What needs to be done: With the pictures left out, retype exactly the lines below starting at the line that contains "A superb ceramic" and ending at the line that contains "3. NL – centar".

Extracted records:
____________________

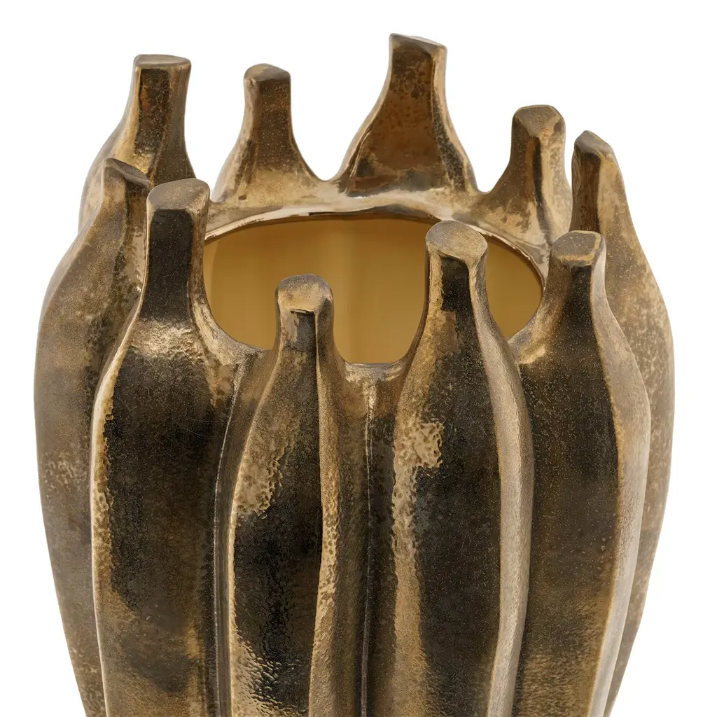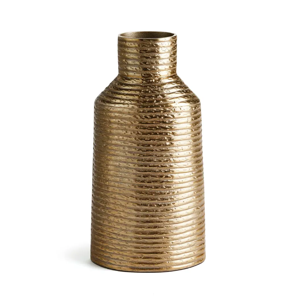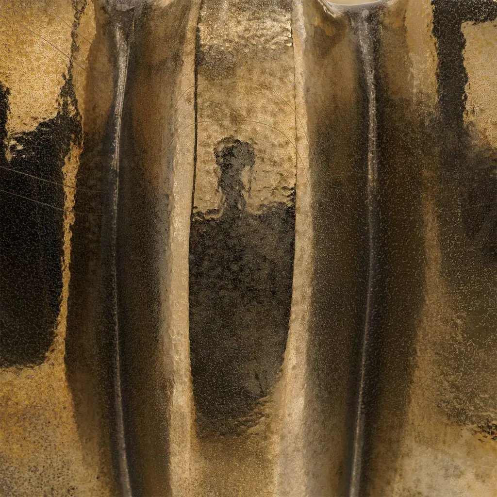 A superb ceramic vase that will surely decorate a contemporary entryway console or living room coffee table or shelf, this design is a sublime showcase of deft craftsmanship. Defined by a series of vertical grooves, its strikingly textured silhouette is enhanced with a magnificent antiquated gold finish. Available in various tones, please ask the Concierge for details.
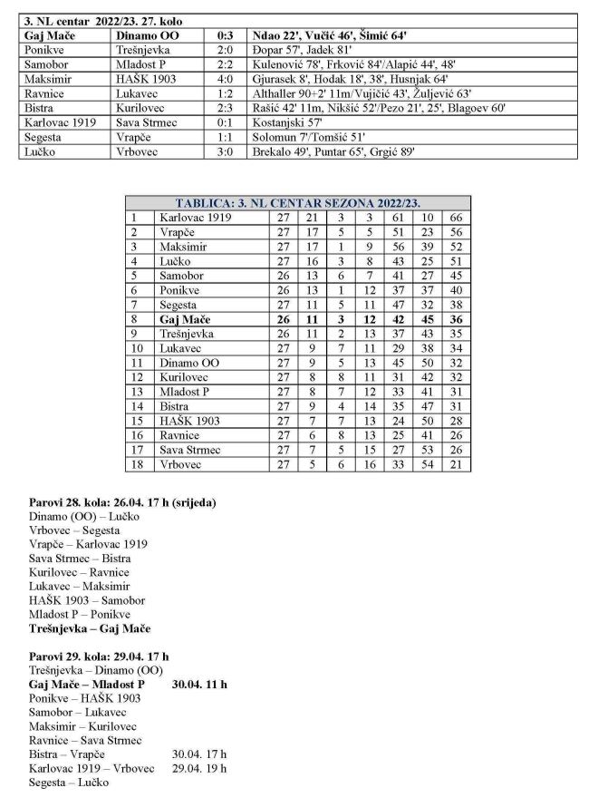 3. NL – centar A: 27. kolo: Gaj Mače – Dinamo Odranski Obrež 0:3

____________________

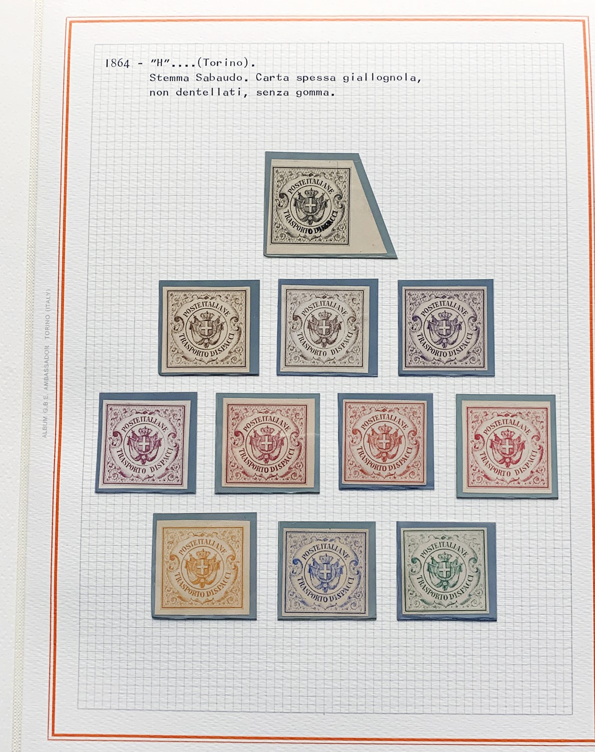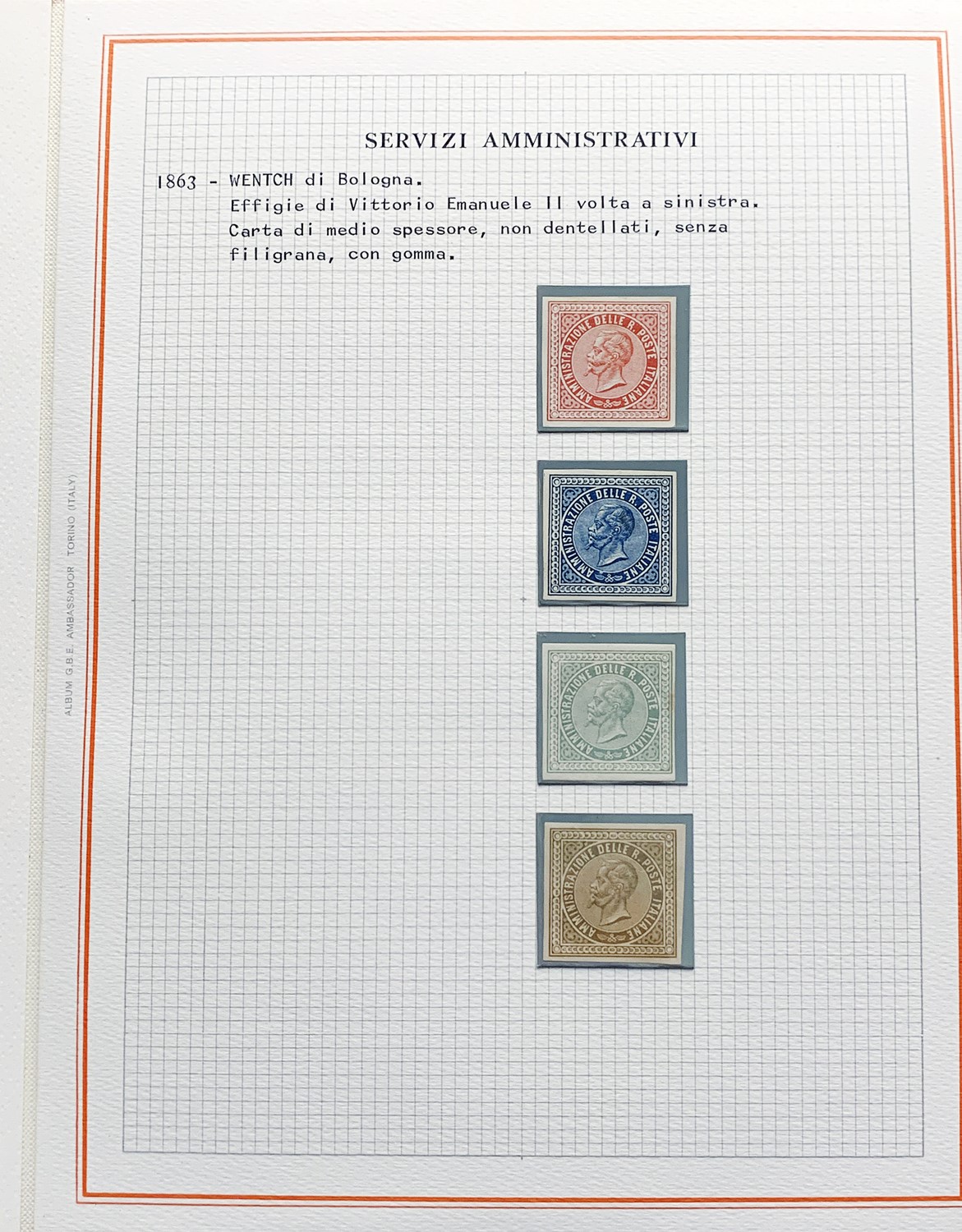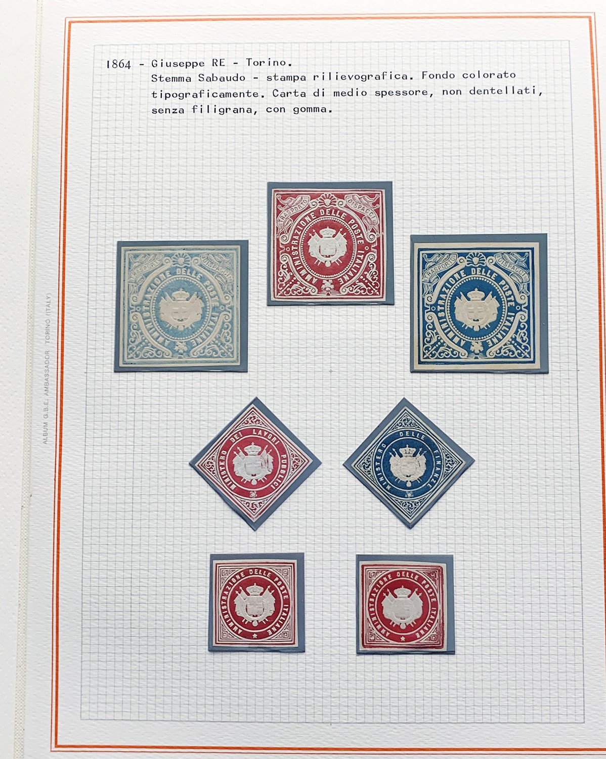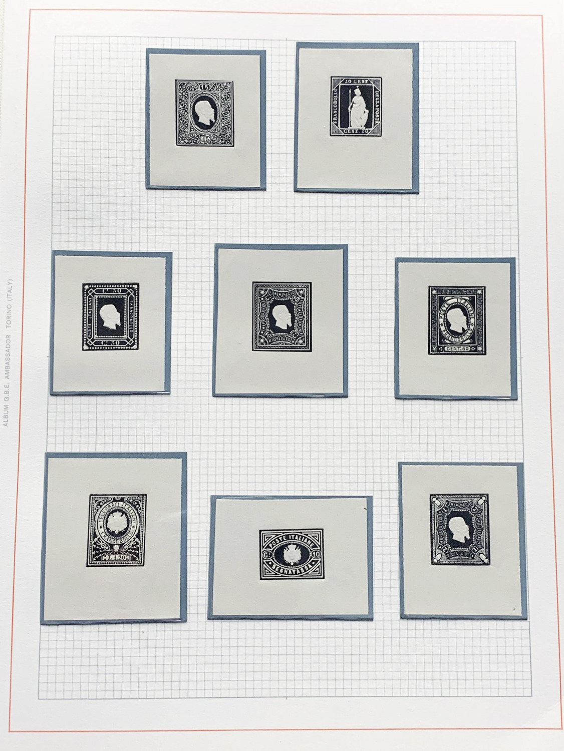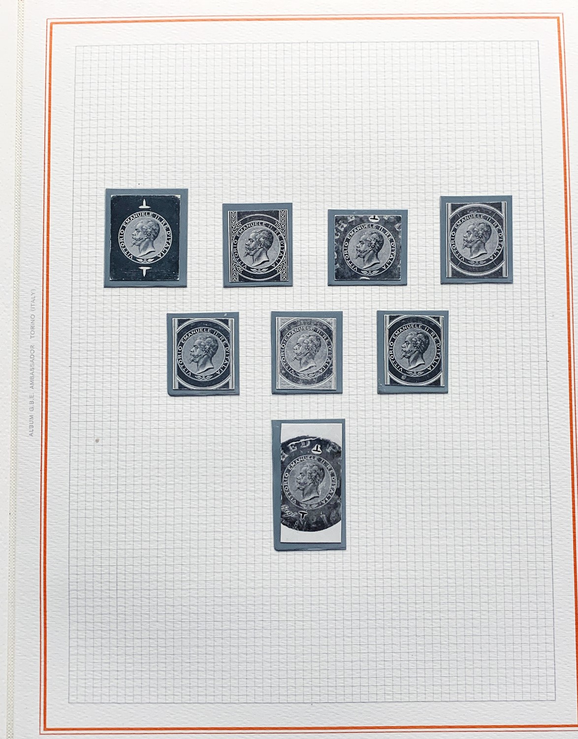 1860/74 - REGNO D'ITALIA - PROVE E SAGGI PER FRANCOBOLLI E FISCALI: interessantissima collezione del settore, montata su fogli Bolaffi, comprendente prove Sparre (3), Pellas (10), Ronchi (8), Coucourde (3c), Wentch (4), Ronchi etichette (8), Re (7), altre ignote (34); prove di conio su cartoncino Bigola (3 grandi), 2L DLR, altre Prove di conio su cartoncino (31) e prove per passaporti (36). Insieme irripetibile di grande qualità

____________________

Output for this exercise:
 A superb ceramic vase that will surely decorate a contemporary entryway console or living room coffee table or shelf, this design is a sublime showcase of deft craftsmanship. Defined by a series of vertical grooves, its strikingly textured silhouette is enhanced with a magnificent antiquated gold finish. Available in various tones, please ask the Concierge for details.
 3. NL – centar A: 27. kolo: Gaj Mače – Dinamo Odranski Obrež 0:3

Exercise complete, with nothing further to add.